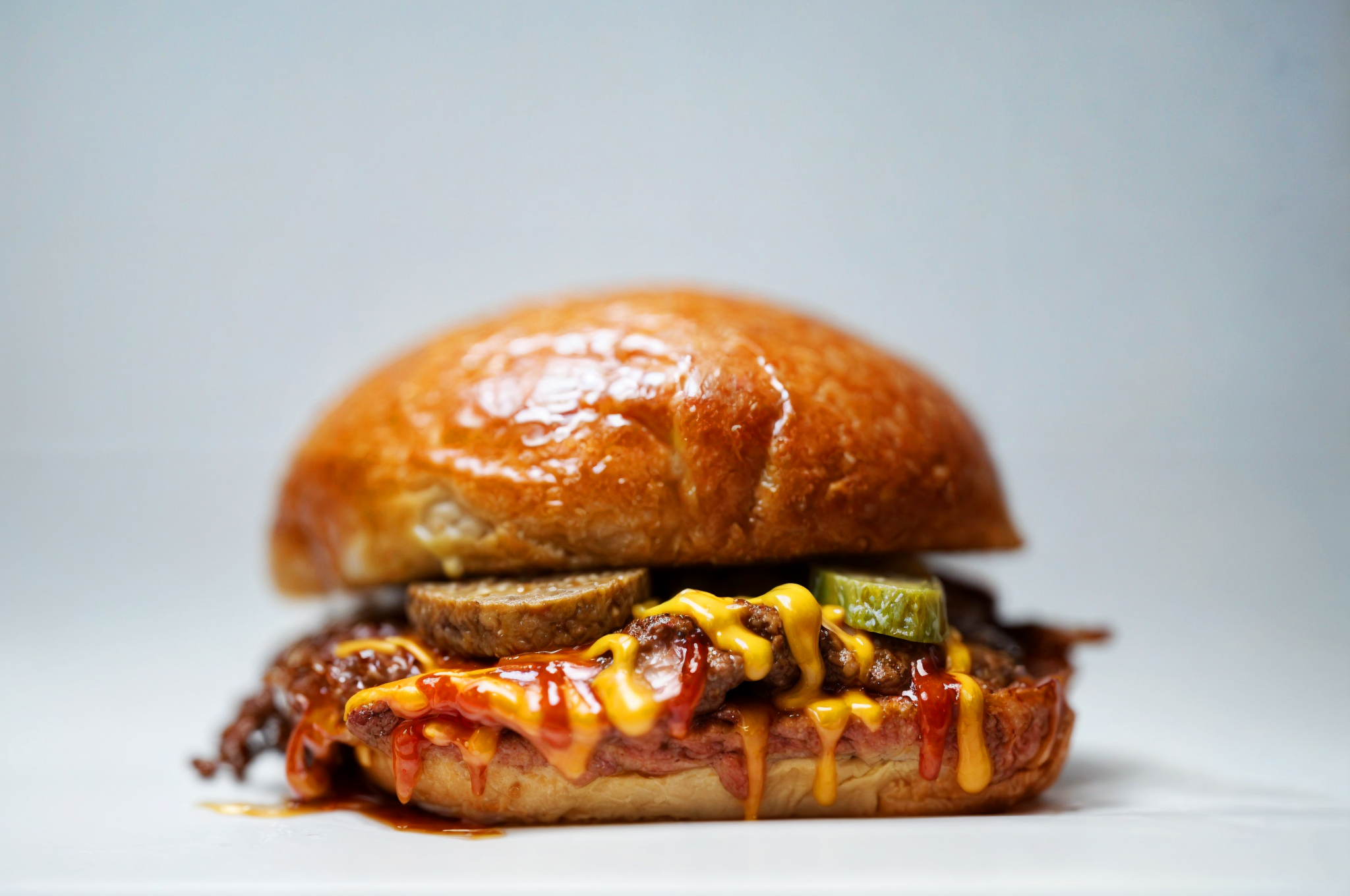Buns potato, steak smash, fromage de Savoie, pickles, sauce gyros, oignon rouge, bacon
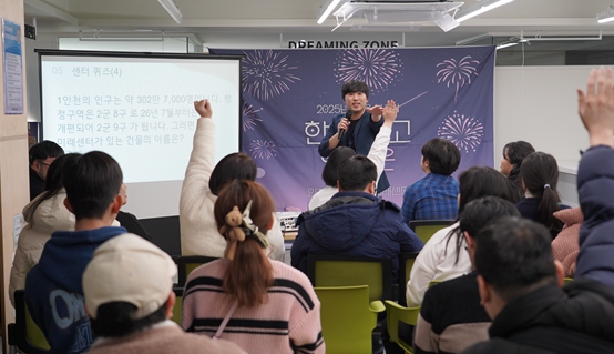 | ▲ 인천시청년미래센터가 지난 28일 퀘렌시아에서 마련한 ‘한 해 수고했 고은’ 행사에서 청년들이 퀴즈 맞히기를 하고 있다. |
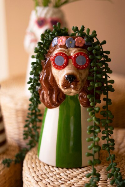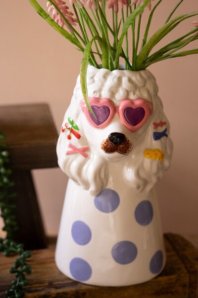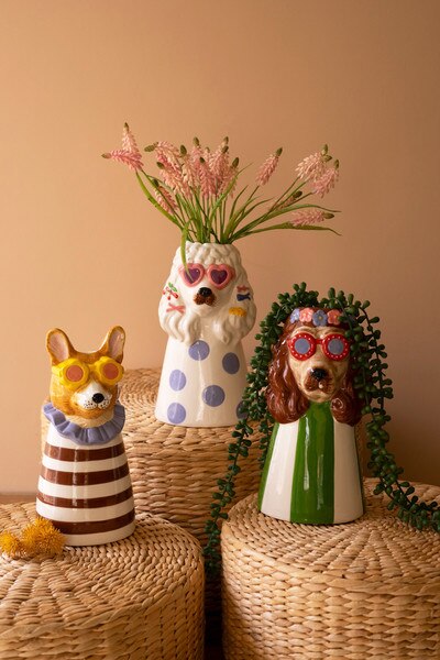 These sun-shaded pups are ready to brighten your day with their cool, laid back style. Each dog brings its own splash of color and personality, making your florals look instantly paw-some. Group them together for a trio that really brings the sunshine, or let them sit in their own favorite spots. Either way, they add a cheerful dose of doggone fun to your decor. Finished on all sides. Rubber feet. No drain hole. Set includes 3 pieces. One each style.
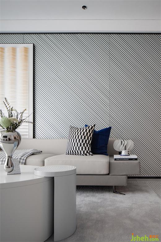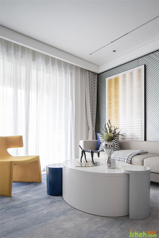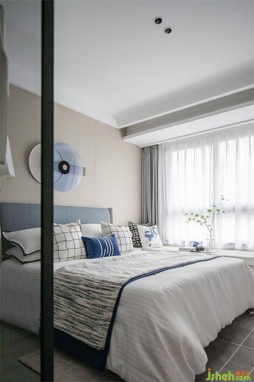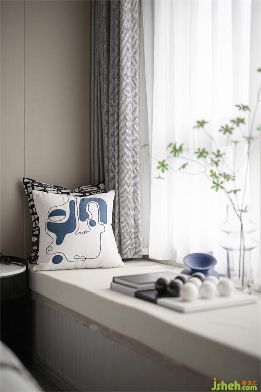 高級灰的色調(diào)也延續(xù)到了次臥,線條元素貫穿整個空間的設(shè)計(jì),陽光透過潔白的紗簾,樣板間設(shè)計(jì)處處散發(fā)出溫馨治愈的氛圍,諾大的空間被一抹藍(lán)點(diǎn)亮,在這樣慵懶和諧的空間中,舒適感被無限放大。

**EXERCISE:** Word for word, reproduce all of the data, but keep out the pictures.

**TASK RESPONSE:**
Buns potato, steak smash, fromage de Savoie, pickles, sauce gyros, oignon rouge, bacon
 | ▲ 인천시청년미래센터가 지난 28일 퀘렌시아에서 마련한 ‘한 해 수고했 고은’ 행사에서 청년들이 퀴즈 맞히기를 하고 있다. |
 These sun-shaded pups are ready to brighten your day with their cool, laid back style. Each dog brings its own splash of color and personality, making your florals look instantly paw-some. Group them together for a trio that really brings the sunshine, or let them sit in their own favorite spots. Either way, they add a cheerful dose of doggone fun to your decor. Finished on all sides. Rubber feet. No drain hole. Set includes 3 pieces. One each style.
 高級灰的色調(diào)也延續(xù)到了次臥,線條元素貫穿整個空間的設(shè)計(jì),陽光透過潔白的紗簾,樣板間設(shè)計(jì)處處散發(fā)出溫馨治愈的氛圍,諾大的空間被一抹藍(lán)點(diǎn)亮,在這樣慵懶和諧的空間中,舒適感被無限放大。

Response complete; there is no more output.